A little tip I live by. Whenever you receive a salary promotion, I recommend adding that extra income directly into your investment account (assuming you have no other vital obligations).
Income growth should not equate to lifestyle inflation. Stay modest, live within your means and invest in your future.
Automated Investing With Wealth Simple
There are many options when it comes to choosing the right financial institution for your investing needs. You can start by visiting with a financial advisor at the bank you currently use and review their options. If you want something different, you can always review online investment management services such as Wealth Simple. There are many more options, though this is my top pick for beginners.
Wealth Simple is a Canadian Robo advisor investment service focused on millennials. It is designed in a way that gauges your risk level, and your preferences, thus attracting risk-averse investors. This is not to say it is designed for risk-averse investors only. Actually, it has a broad range of options with a wide range of risk levels you can set yourself.

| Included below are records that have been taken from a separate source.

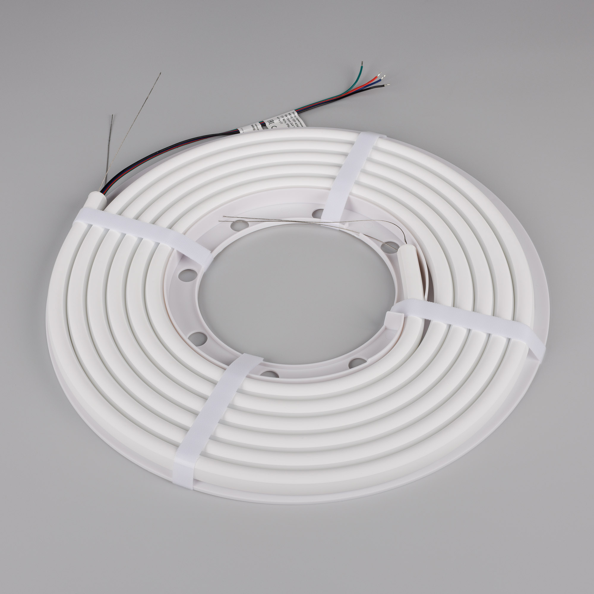 Гибкая герметичная лента (неон серии WAVE), сечение 18×15 мм с тросом-натяжителем. Светодиоды SMD2835 240 шт/м. Цвет свечения RGB, угол излучения 360°. Мощность 10 Вт/м, питание 24 В. Класс пылевлагозащиты IP54. Размеры 5000×18×15 мм. Мин. отрезок 50 мм. Изгиб согласно метки на корпусе, минимальный радиус изгиба 150 мм. Кабель питания длиной 500 мм, вывод с одной стороны вдоль линии сечения неона. Катушка 5 м. Цена за 1 м. Гарантия 3 года.
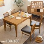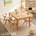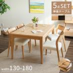 ダイニングセット メラミン天板 伸長式 伸縮式 4人掛け 6人掛け ダイニングテーブル セット 5点 ナチュラル ブラウン 130 150 160 180 cm 北欧 4人 6人
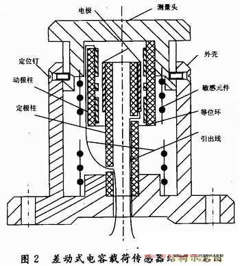 差動式電容載荷傳感器結構示意圖如圖2所示。它主要由測量頭、外殼、敏感元件(彈性體)、定極柱、動極柱、電極、等位環(huán)、引出線等構成。其特點為:測量范圍寬;靈敏度高,便于拾取信號;極板間不接觸、不變形、不磨損,機械損失小、壽命長;電容傳感器受溫度影響小;動態(tài)性能好;結構簡單、適應各種惡劣環(huán)境和場合。

They offer RRSP, TFSA, Crypto, and so many other investing options.
It’s as simple as setting up a free account and setting up free automated deposits. They offer automated rebalancing and dividend reinvestment, and there are no fees to transfer in or out of your account. They are diverse in who they target, but they have something for everyone.
As you can see, there is no minimum amount required to set up a basic account. If you can only commit to a $5 biweekly deposit, the basic plan is set up for your unique needs. Something is always better than nothing. All you need to do is browse their website, download their app and get a feel for it.
For beginners who are interested but struggling to try to get on track with budgeting and saving extra money for investing, take a look at my step-by-step guide to help get on track.
So here are a few tips and some helpful introduction advice to get you started. As you can see, there really are no barriers to entry into the investing world. Once you start and can visualize the power of investing, you will realize that taking the first step was the best investment you could have made for your future self.